= Balanced matrix =

In mathematics, a balanced matrix is a matrix in which every entry is either zero or one that does not contain any square submatrix of odd order having all row sums and all column sums equal to 2.

Balanced matrices are studied in linear programming. The importance of balanced matrices comes from the fact that the solution to a linear programming problem is integral if its matrix of coefficients is balanced and its right hand side or its objective vector is an all-one vector. In particular, if one searches for an integral solution to a linear program of this kind, it is not necessary to explicitly solve an integer linear program, but it suffices to find an optimal vertex solution of the linear program itself.

As an example, the following matrix is a balanced matrix:
 $$\begin{bmatrix}
1 & 1 & 1 & 1\\
1 & 1 & 0 & 0\\
1 & 0 & 1 & 0\\
1 & 0 & 0 & 1\\
\end{bmatrix}$$

== Characterization by forbidden submatrices ==
Equivalent to the definition, a matrix in which every entry is either zero or one (a 0–1 matrix) is balanced if and only if it does not contain a submatrix that is the incidence matrix of any odd cycle (a cycle graph of odd order).

Therefore, the only three-by-three 0–1 matrix that is not balanced is (up to permutation of the rows and columns) the following incidence matrix of a cycle graph of order 3:
 $$C_3=\begin{bmatrix}
1 & 0 & 1\\
1 & 1 & 0\\
0 & 1 & 1\\
\end{bmatrix}$$

The following matrix is the incidence matrix of a cycle graph of order 5:
 $$C_5=\begin{bmatrix}
1 & 0 & 0 & 0 & 1\\
1 & 1 & 0 & 0 & 0\\
0 & 1 & 1 & 0 & 0\\
0 & 0 & 1 & 1 & 0\\
0 & 0 & 0 & 1 & 1\\
\end{bmatrix}$$
The above characterization implies that any matrix containing $C_3$ or $C_5$ (or the incidence matrix of any other odd cycle) as a submatrix, is not balanced.

== Connection to other matrix classes ==

Every balanced matrix is a perfect matrix.
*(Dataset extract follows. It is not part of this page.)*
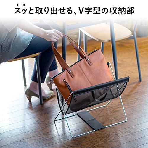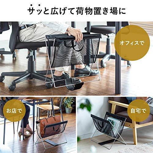 バッグや手荷物を床に直接置かず、簡単に収納できるボックスです。使用しないときは、折りたたんでコンパクトに収納可能です。オフィス、お店、シェアオフィス、ホテル、カフェ、自宅で使える手荷物収入れです。V字型の収納部で、サイドがフレームに囲まれていないため荷物の出し入れがスムーズにできます。メッシュ部分とフレームは分離可能、取っ手付きで持ち運びも可能です。底面は太めの帯でしっかりと固定されています。ネット部分は取り外し可能で、お手入れ可能です。シースルーのメッシュ素材を使用しています。

More restricting than the notion of balanced matrices is the notion of totally balanced matrices. A 0–1 matrix is called totally balanced if it does not contain a square submatrix having no repeated columns and all row sums and all column sums equal to 2. Equivalently, a matrix is totally balanced if and only if it does not contain a submatrix that is the incidence matrix of any cycle (no matter if of odd or even order). This characterization immediately implies that any totally balanced matrix is balanced.

Moreover, any 0–1 matrix that is totally unimodular is also balanced. The following matrix is a balanced matrix as it does not contain any submatrix that is the incidence matrix of an odd cycle:
 $$\begin{bmatrix}
1 & 1 & 1 & 1\\
1 & 1 & 0 & 0\\
1 & 0 & 1 & 0\\
1 & 0 & 0 & 1\\
\end{bmatrix}$$
Since this matrix is not totally unimodular (its determinant is −2), 0–1 totally unimodular matrices are a proper subset of balanced matrices.

For example, balanced matrices arise as the coefficient matrix in special cases of the set partitioning problem.

An alternative method of identifying some balanced matrices is through the subsequence count, where the subsequence count SC of any row s of matrix A is
 SC = |{t | [a_{sj} = 1, a_{ij} = 0 for s < i < t, a_{tj} = 1], j = 1, ..., n}|
If a 0–1 matrix A has SC(s) ≤ 1 for all rows s = 1, ..., m, then A has a unique subsequence, is totally unimodular and therefore also balanced. Note that this condition is sufficient but not necessary for A to be balanced. In other words, the 0–1 matrices with SC(s) ≤ 1 for all rows s = 1, ..., m are a proper subset of the set of balanced matrices.

As a more general notion, a matrix where every entry is either 0, 1 or −1 is called balanced if in every submatrix with two nonzero entries per row and column, the sum of the entries is a multiple of 4.